Впрочем, одиночеству скоро конец, так ведь? Так.

Я сажусь на десятичасовой паром, чтобы добраться до Сиэтла раньше вас, проявляя некоторую настойчивость, – аккуратнее, Джозеф. Хочу сбежать от навязчивой семейки, которая не моя, и перехожу на левую часть палубы, оказываясь в толпе юристов на пенсии, мечтающих о том, чтобы сосед испортил им лужайку, ведь тогда будет чем заняться. Да, народ тут душевнейший. Если в свой день рождения заглянешь в полицейский участок, то получишь бесплатный пончик, даже не предъявляя паспорт, зато двадцать пять тысяч жителей едят свеклу, выращенную местными фермерами, и ездят на пароме в Сиэтл, образуя небольшие стайки челночников. Дебби Макомбер мне посочувствовала бы: я один в субботу, среди зануд, рассуждающих о футболе. У меня своей стайки нет, но скоро появится, ведь я на пароме, и это прогресс; я надеваю наушники и поднимаюсь по лестнице, перешагивая через две ступеньки, на залитую солнцем верхнюю палубу. Свежий воздух мне помогает. Море тоже помогает, особенно вдали от бурной пены Малибу, и я сажусь на скамейку, но взгляд упирается в настенные часы, на которых висит лист бумаги с надписью «Мы сломаны».

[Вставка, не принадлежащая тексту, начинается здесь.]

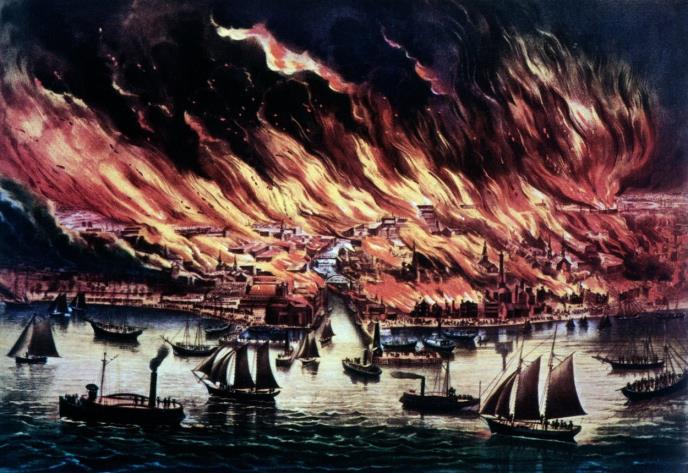Veliki požar koji je besneo Čikagom 1871, od 8. do 10. oktobra, uništio je hiljade zgrada, ubio oko 300 ljudi, 100.000 ostavio bez domova, a šteta je u to vreme iznosila oko 200 miliona dolara.
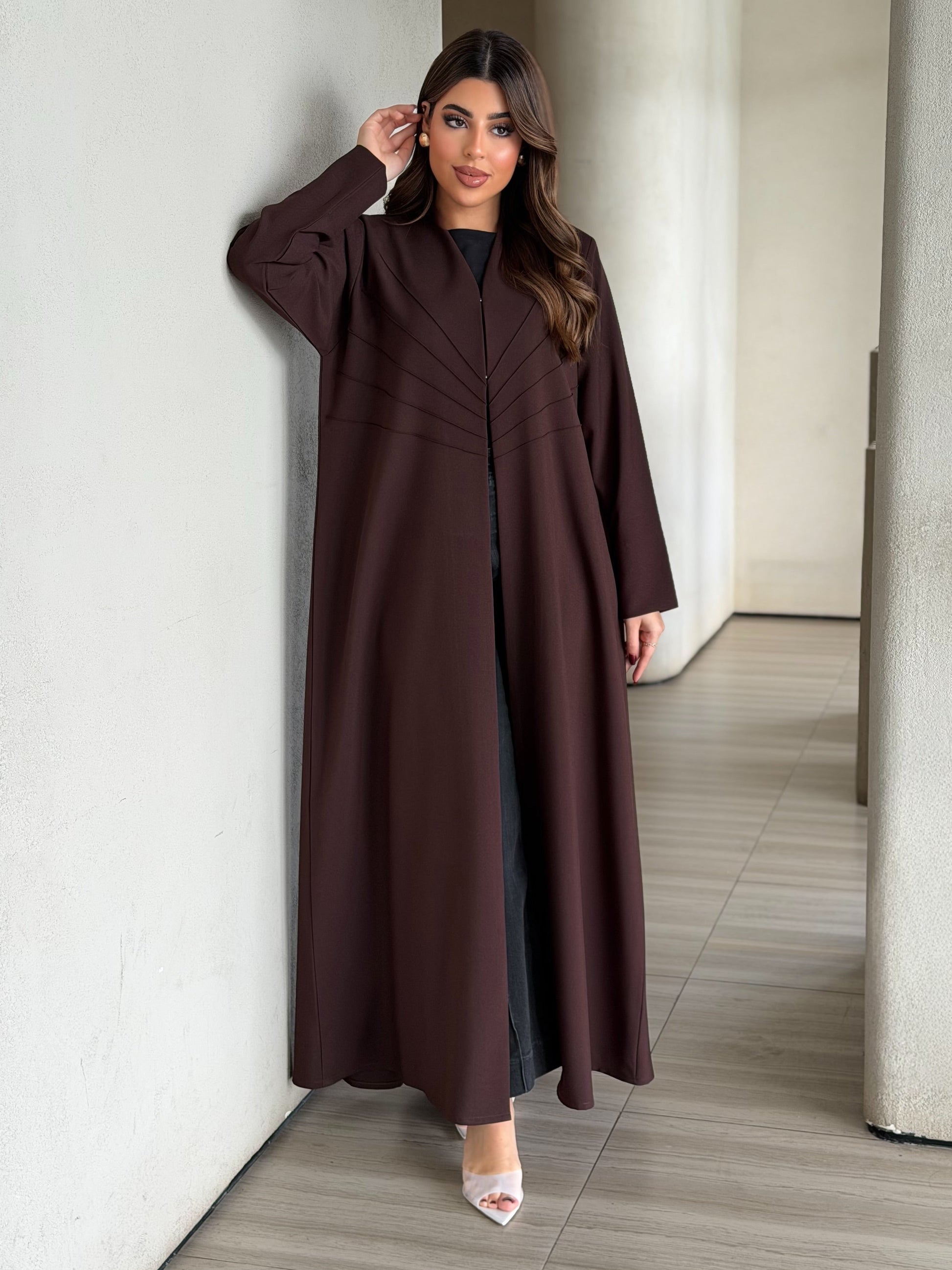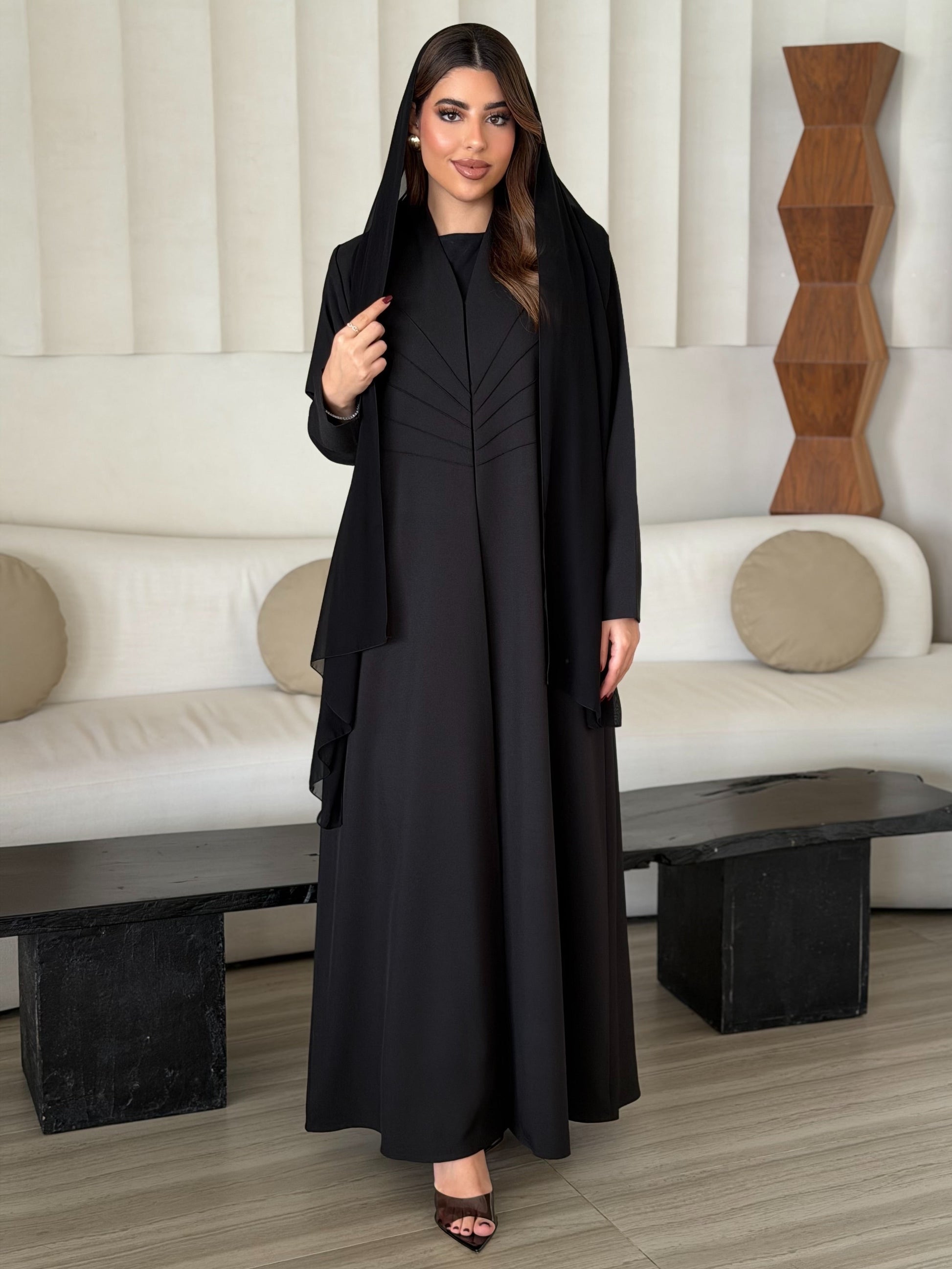 Plain abaya with striped lines stitching across upper abaya for elegant casual wear, comes with matching shaila.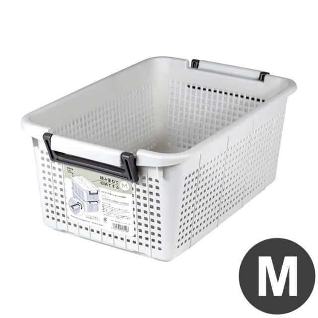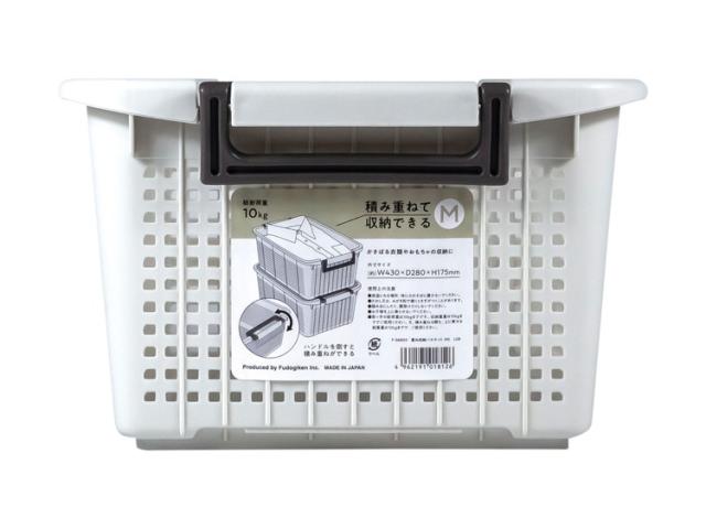 積み重ねできる収納バスケットM(深型)サイズ。取っ手を内側に倒すと積み重ねることができる。重ねてもズレないので安心。使わないときも重ねてまとめられ、場所をとらないので便利。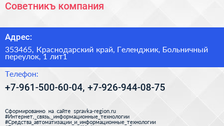 Советникъ, компания по адресу 353465, Краснодарский край, Геленджик, Больничный переулок, 1 лит1 в дальнейшем Организация, размещена в следующих категориях: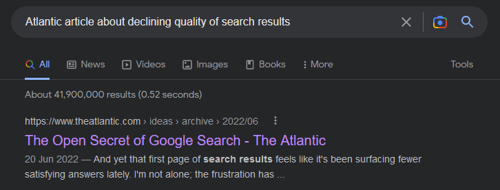 People have talked for a long time about existential threats to Google's dominance, and often, implicitly, by extension, SEO. You’ll have heard the claims that Amazon or YouTube are now preferred engines for certain kinds of search, or that Google is going to struggle against the unique technological advantages of Apple, AI chatbots, the unique regional advantages of Baidu, or the unique format advantages of TikTok. Or maybe you’ve even heard that people prefer to restrict their searches only to Reddit. Even mainstream outlets are suggesting that Google search quality may be in decline.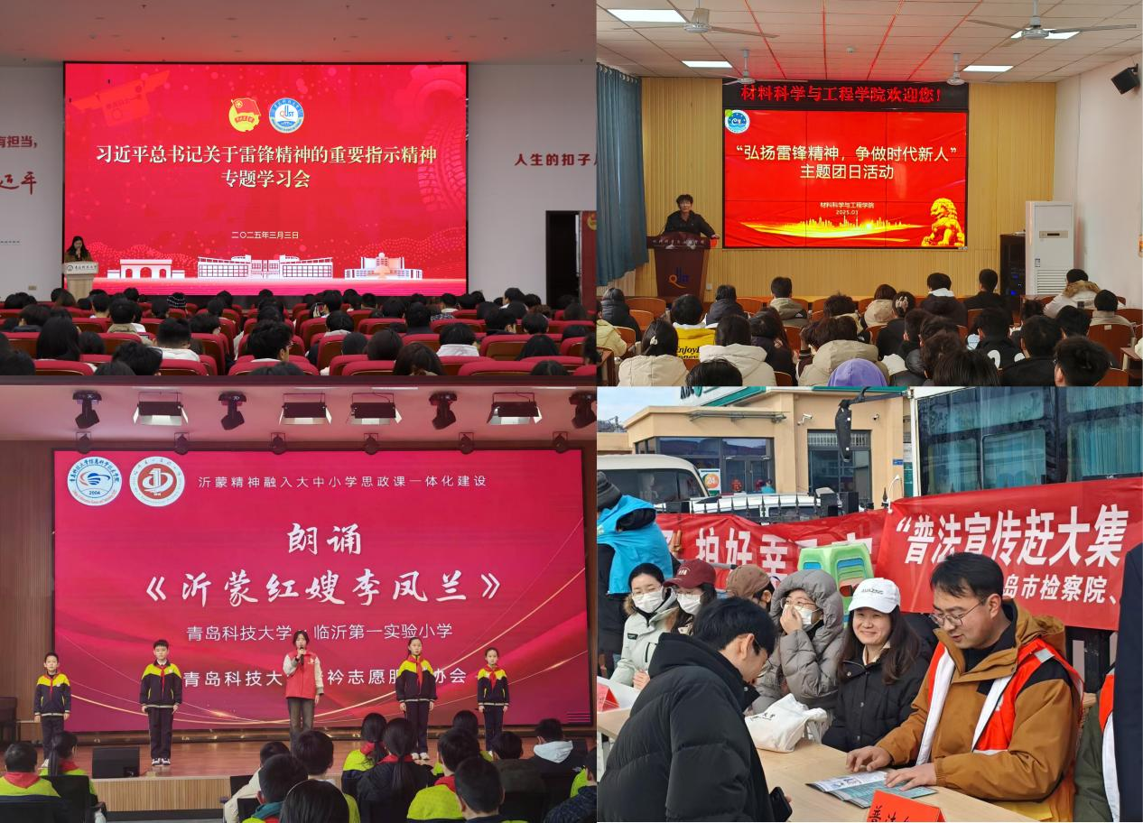 学思践悟深扎根,让雷锋精神在校园落地生花。校团委、校学生会、校研究生会开展“弘扬雷锋精神,践行青春担当”学雷锋主题教育实践活动,制定《学校共青团系统2025年度学雷锋活动方案》,举行“习近平总书记关于雷锋精神的重要指示精神专题学习会”,组织“旗展雷锋精神,弘扬道德新风”主题升旗活动、“挺膺担当展青年风采,传承精神扬雷锋风尚”雷锋精神分享会专项活动,推动学习雷锋精神常态化、长效化,形成人人学雷锋、处处见行动的良好氛围。数理学院团委承办“永恒的丰碑”雷锋精神专题展暨寒假社会实践成果展在崂山校区开幕,专题展以“理论阐释+实践叙事”为主线,创新打造沉浸式“六大展区”,作为新学期实践育人第一课,展览首日吸引400余名青年学生现场观展。艺术学院团委组织开展“光影悟雷锋,艺心永传承”观影、身边的“雷锋”故事分享会等活动,挖掘身边的好人好事,引导青年学生从日常小事践行雷锋精神。马克思主义学院团委以“践行‘两山’理论,守护校园绿水青山”为主题开展学雷锋校园实践活动,捡拾校园内登山步道区域的塑料瓶、食品袋、烟盒等各类不易降解的垃圾,守护了校园环境。数据科学学院团委通过“雷锋精神代代传,青春志愿谱新篇”主题团课生动讲解雷锋事迹和新时代雷锋精神,引导学生深刻理解雷锋精神的时代价值,也走进社区开展“践行雷锋精神,智启银龄生活”志愿服务活动,为老年人提供智能设备使用指导,帮助他们跨越“数字鸿沟”。化工学院团委以“传承雷锋精神,争做追‘锋’青年”为主题,开展互动问答、影像征集等活动,引导200余名学子感悟雷锋精神内核;创新“追锋行动”校园公益跑,将3.5公里运动实践与微志愿服务结合,绘就“运动+公益”青春图谱。自动化学院团委开展“践行雷锋精神,彰显青春担当”学雷锋主题团日活动与“AI家驿站”一站式学生社区志愿服务活动。材料学院团委开展“弘扬雷锋精神,争做时代新人”主题团日活动,通过主题宣讲和分享会,深入学习雷锋事迹,引导青年学生树立奉献意识,争做新时代有为青年。化学院团委组织开展“学雷锋”主题班会、团日活动,通过介绍雷锋生平事迹、诵读雷锋日记名言,激励同学们将个人追求与国家发展相连,以实际行动传承弘扬雷锋精神,构建优良班风、和谐校园。经管学院团委开展“读《雷锋日记》,谈人生理想”雷锋精神读书分享会,引导学生深化对雷锋精神的理解与认识,深刻把握雷锋精神的时代内涵,同时通过“平安青科·雷锋同行”反诈宣讲活动,帮助学生培养反诈意识,增强自我保护能力。高密校区团委举办“光影绘雷锋,创意传真情”雷锋月主题系列活动,运用手绘、电脑设计等多样形式,大胆创新,设计出风格多样的海报,展现了雷锋精神在新时代的传承与创新。

Нахожу другую скамейку – нельзя падать духом в такой важный для нас день, Мэри Кей. Я не собираюсь мешать вам с дочерью или тебя «преследовать». Мой план прост. Сначала посвящу немного времени себе, позволю вам побыть вдвоем, не выпуская вас из виду; когда пойму, что вы друг от друга устали, я «случайно» с вами столкнусь – «Джо! Какой приятный сюрприз!» – и мы вернемся на остров вместе. Потом поужинаем у меня дома. Я купил стейки из лосося, и они точно не перемерзшие, как у тебя. До Дня благодарения еще пять дней – достаточно, чтобы отменить поездку в Финикс, а именно так ты и поступишь, как только поймешь: ты можешь встречаться со мной и оставаться хорошей матерью.

Я иду на корму к другому ряду скамеек и застегиваю куртку. Сейчас не очень холодно, но и жары тоже не предвидится; и я снимаю наушники, потому что здесь люди такие же одинокие и тактичные, как я сам. Никто не заставит соседа слушать телефонный разговор о суматошной и скучной жизни, а я не могу выбросить из головы те часы.

Мы сломаны…

Я проверяю «Инстаграм» Лав – нервничаю! – а там Форти кусает свою няню Трессу, которая заявляет, что мой сын похож на Адама, мать его, Левина[12], а Лав смеется, хотя тут не до смеха, и я ничего не могу поделать. Удаляю приложение ко всем чертям, кладу телефон в карман – и вдруг замираю. Моргаю. Хотел бы я так же легко удалить свое тело, потому что… Какого лешего, Мэри Кей?

Ты здесь. Вы с Номи сейчас на этом пароме, моем пароме, на который вы никак не должны были попасть. Вы в десяти метрах от меня, стоите, опершись на перила, и я срываюсь со скамейки, бегу в центр палубы, хватаю оставленную кем-то газету, чувствуя стук сердца в висках.

Успокойся, Джо. Всё как вчера. Если ты меня заметишь, ничего страшного не случится. Все нормально. Люди порой ездят в Сиэтл, а я – один из людей. Отгибаю верхний угол газеты; в этот момент тот, кто управляет паромом, решает отплыть от берега, и вот мы в пути.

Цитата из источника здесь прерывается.